**Work instructions:** Output exactly the lines from the line that has "With Zoner Photo" through the last line of the data below, with no pictures.

START Source data

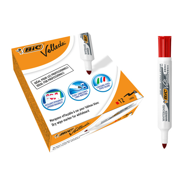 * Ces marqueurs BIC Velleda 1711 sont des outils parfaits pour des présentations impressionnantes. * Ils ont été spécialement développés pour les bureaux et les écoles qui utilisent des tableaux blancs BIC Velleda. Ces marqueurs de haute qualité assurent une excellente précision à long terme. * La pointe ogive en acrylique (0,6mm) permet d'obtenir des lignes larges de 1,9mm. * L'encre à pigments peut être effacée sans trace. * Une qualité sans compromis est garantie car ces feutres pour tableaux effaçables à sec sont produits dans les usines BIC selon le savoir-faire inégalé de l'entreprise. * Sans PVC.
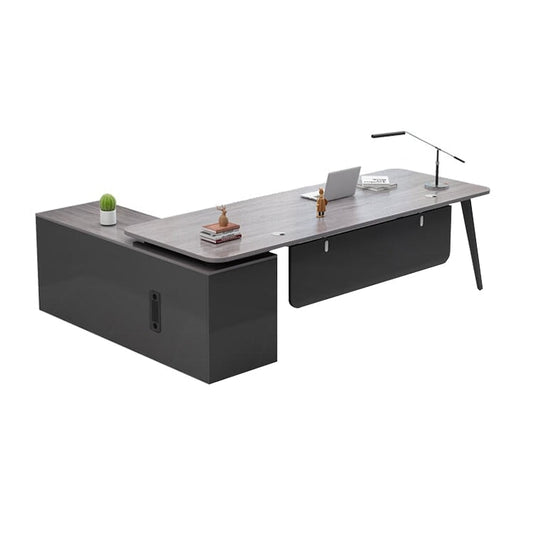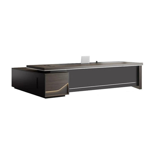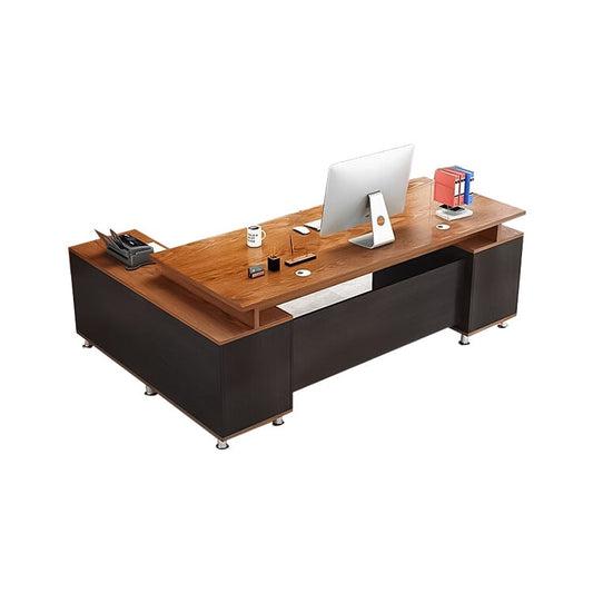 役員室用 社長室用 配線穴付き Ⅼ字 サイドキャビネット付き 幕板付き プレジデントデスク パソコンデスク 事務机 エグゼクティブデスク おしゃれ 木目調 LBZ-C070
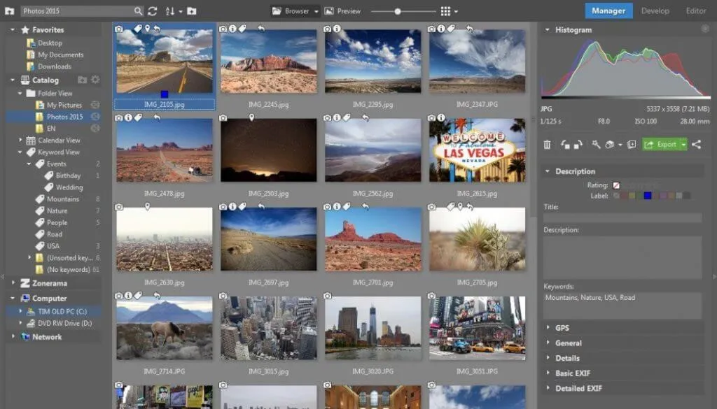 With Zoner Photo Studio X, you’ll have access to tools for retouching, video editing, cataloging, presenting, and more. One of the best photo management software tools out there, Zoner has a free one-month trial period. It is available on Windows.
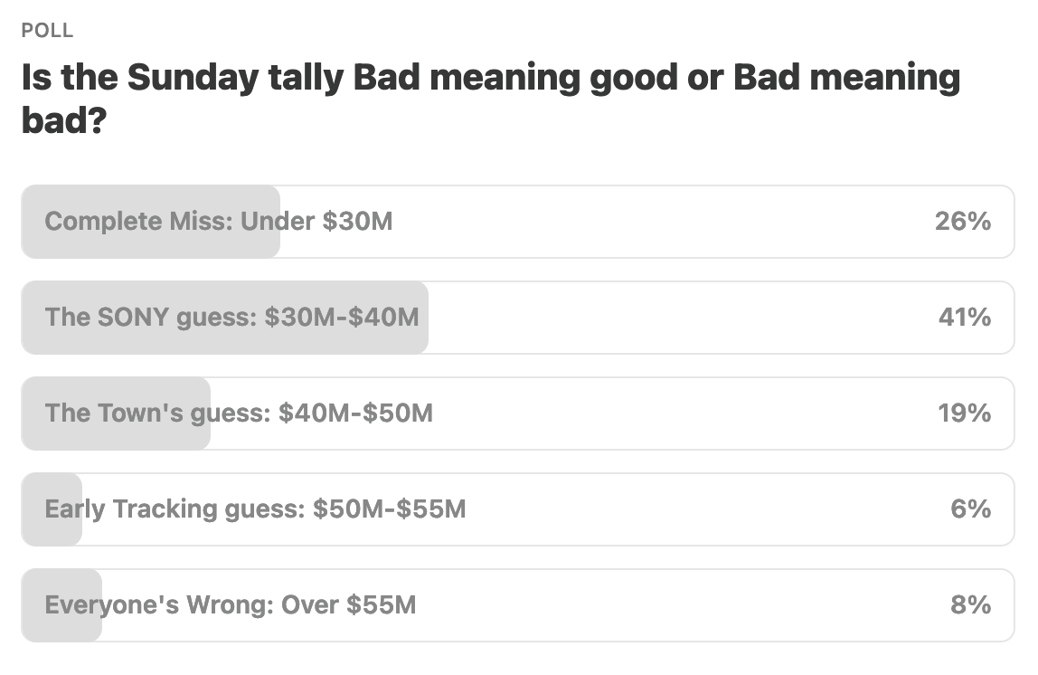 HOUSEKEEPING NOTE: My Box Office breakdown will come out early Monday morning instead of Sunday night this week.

END Source data

**Response area:**
 With Zoner Photo Studio X, you’ll have access to tools for retouching, video editing, cataloging, presenting, and more. One of the best photo management software tools out there, Zoner has a free one-month trial period. It is available on Windows.
 HOUSEKEEPING NOTE: My Box Office breakdown will come out early Monday morning instead of Sunday night this week.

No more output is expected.